Vu la requête sommaire et le mémoire complémentaire, enregistrés au secrétariat du contentieux du Conseil d’Etat les 24 février et 7 avril 1994, présentés pour le Gouvernement suisse, représenté par son agent M. Olivier X…, habilité à cet effet par une décision du conseil fédéral en date du 16 février 1994 ; le Gouvernement suisse demande l’annulation pour excès de pouvoir de la décision verbale du 29 décembre 1993 par laquelle le gouvernement français a refusé aux autorités suisses l’extradition de MM. Moshen Y… et Ahmad Z… et retiré les décrets du 31 août 1993 accordant cette extradition ;
Vu les autres pièces du dossier ;
Vu la convention européenne d’extradition du 13 décembre 1957 ;
Vu l’ordonnance n° 45-1708 du 31 juillet 1945, le décret n° 53-934 du 30 septembre 1953 et la loi n° 87-1127 du 31 décembre 1987 ;
Après avoir entendu en audience publique :
– le rapport de M. Chauvaux, Maître des Requêtes,
– les observations de la SCP Lyon-Caen, Fabiani, Thiriez, avocat du Gouvernement suisse,
– les conclusions de M. Vigouroux, Commissaire du gouvernement ;
Considérant qu’il ressort des pièces du dossier que par deux décrets en date du 31 août 1993 le gouvernement a accordé aux autorités suisses l’extradition des ressortissants iraniens Y… et Z… ; que par une décision portée à la connaissance des autorités suisses le 29 décembre 1993 le gouvernement a retiré lesdits décrets et rejeté la demande d’extradition ; que le Gouvernement suisse demande au Conseil d’Etat d’annuler cette décision ;
Sur l’intervention de l’association SOS Attentats :
Considérant que l’association SOS Attentats a intérêt à l’annulation de la décision attaquée ; qu’ainsi son intervention est recevable ;
Sur la compétence de la juridiction administrative :
Considérant que la décision rejetant une demande d’extradition est détachable de la conduite des relations diplomatiques de la France avec l’Etat dont émane cette demande ; qu’ainsi, contrairement à ce que soutient le Premier ministre, la juridiction administrative est compétente pour connaître de la requête du Gouvernement suisse ;
Sur la légalité de la décision attaquée, sans qu’il soit besoin de statuer sur les autres moyens de la requête :
Considérant qu’aux termes de l’article 1er de la convention européenne d’extradition : « Obligation d’extrader. -Les parties contractantes s’engagent à se livrer réciproquement, selon les règles et sous les conditions déterminées par les articles suivants, les individus qui sont poursuivis pour une infraction ou recherchés aux fins d’exécution d’une mesure de sûreté par les autorités judiciaires de la partie requérante » ;
Considérant qu’il ressort des pièces du dossier que l’ensemble des conditions auxquelles la convention européenne d’extradition subordonne l’obligation d’extrader prévue par les dispositions précitées de son article 1er se trouvaient remplies dans le cas des ressortissants iraniens Z… et Y… recherchés pour assassinat par les autorités suisses et appréhendés le 16 novembre 1992 sur le territoire français ; que cette extradition a d’ailleurs été accordée par les décrets susmentionnés du 31 août 1993 ; que si le gouvernement soutient qu’à la date de la décision attaquée par laquelle il a prononcé le retrait de ces décrets des circonstances postérieures à leur signature en rendaient l’exécution illégale, il ne fournit en tout état de cause aucune précision sur la nature de ces circonstances ; que, dès lors, le Gouvernement suisse est fondé à soutenir que la décision attaquée est intervenue en violation de la convention européenne d’extradition et à demander qu’elle soit annulée pour ce motif ;
Article 1er : L’intervention de l’association SOS Attentats est admise.
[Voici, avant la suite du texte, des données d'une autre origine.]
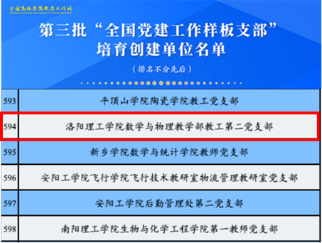 日前,教育部办公厅公布了第三批新时代高校党建示范创建和质量创优工作结果,经省级党委教育工作部门推荐、资格审查、专家推荐、教育部党的建设和全面从严治党工作领导小组成员单位集中审议、结果公示,我部教工第二党支部入选“全国党建工作样板支部”培育创建单位名单,这是美高梅娱乐场

Article 2 : La décision du 29 décembre 1993 par laquelle le gouvernement a retiré les décrets du 31 août 1993 accordant aux autorités suisses l’extradition de MM. Y… et Z… est annulée.
Article 3 : La présente décision sera notifiée au Gouvernement suisse, au Premier ministre, au ministre d’Etat, garde des sceaux, ministre de la justice et au ministre des affaires étrangères.